Infine, vogliamo terminare su una nota positiva. Nel caso Muvartes SA, la convergenza dell’azione del sindacato Unia e la determinazione del Ministero pubblico hanno permesso di recuperare l’integralità delle spettanze salariali dei 5 operai che hanno denunciato il loro “datore di lavoro”. E questa volta a pagare l’integralità della fattura è stato il padrone sfruttatore. Nelle vertenze “normali”, ossia di natura civile, di norma si recuperano solo gli ultimi 4 mesi di salario non versato e gli ultimi 4 mesi di tredicesima. E questo è possibile grazie alle indennità insolvenza, previste nel Capitolo 5 della Legge sulla disoccupazione (LADI). Questo strumento dell’assicurazione disoccupazione, per quanto fondamentale, soffre di due limiti fondamentali.
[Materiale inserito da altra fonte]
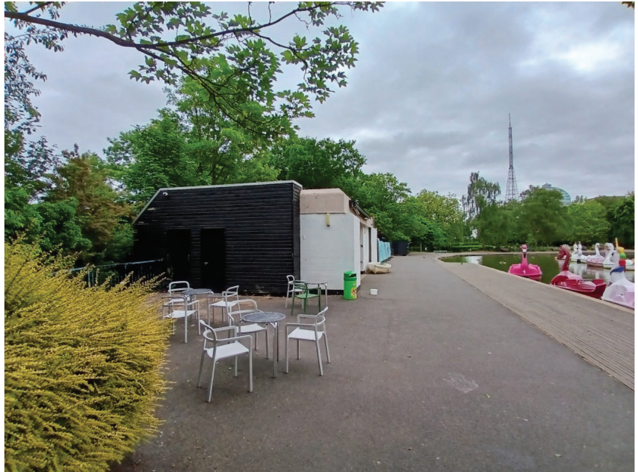
View looking towards southwest

In summary, the proposals represent a sensitive and proportionate intervention that will enable Alexandra Palace to improve its environmental performance without compromising the heritage values of the site. The installation is considered to be acceptable in heritage terms.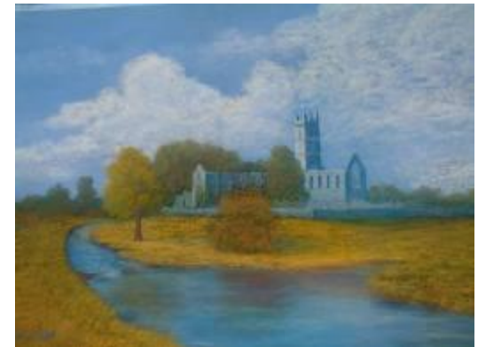
Clare River, Claregalway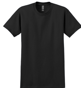
Gildan® Ultra Cotton® 100% US Cotton T-Shirt

Come già detto, l’indennità per insolvenza copre solo i crediti salariali concernenti gli ultimi 4 mesi al massimo dello stesso rapporto di lavoro. Secondariamente, le indennità insolvenza sono finanziate dai contributi paritetici dell’assicurazione disoccupazione, nella misura dell’1,1%. Ciò vuol dire che quando un padrone non paga i salari o li taglieggia, il recupero di queste spettanze salariali è co-finanziato dagli stessi lavoratori taglieggiati e dall’insieme dei lavoratori. Nel 2013, la Cassa disoccupazione ha versato 8,5 milioni di franchi a titolo di indennità insolvenza, recuperandone solo 290’000… Nel nostro caso, è il signor Andrea Ravanelli che ha dovuto restituire tutti i soldi rubati ai suoi lavoratori. Un motivo in più per continuare sulla strada delle denunce penali!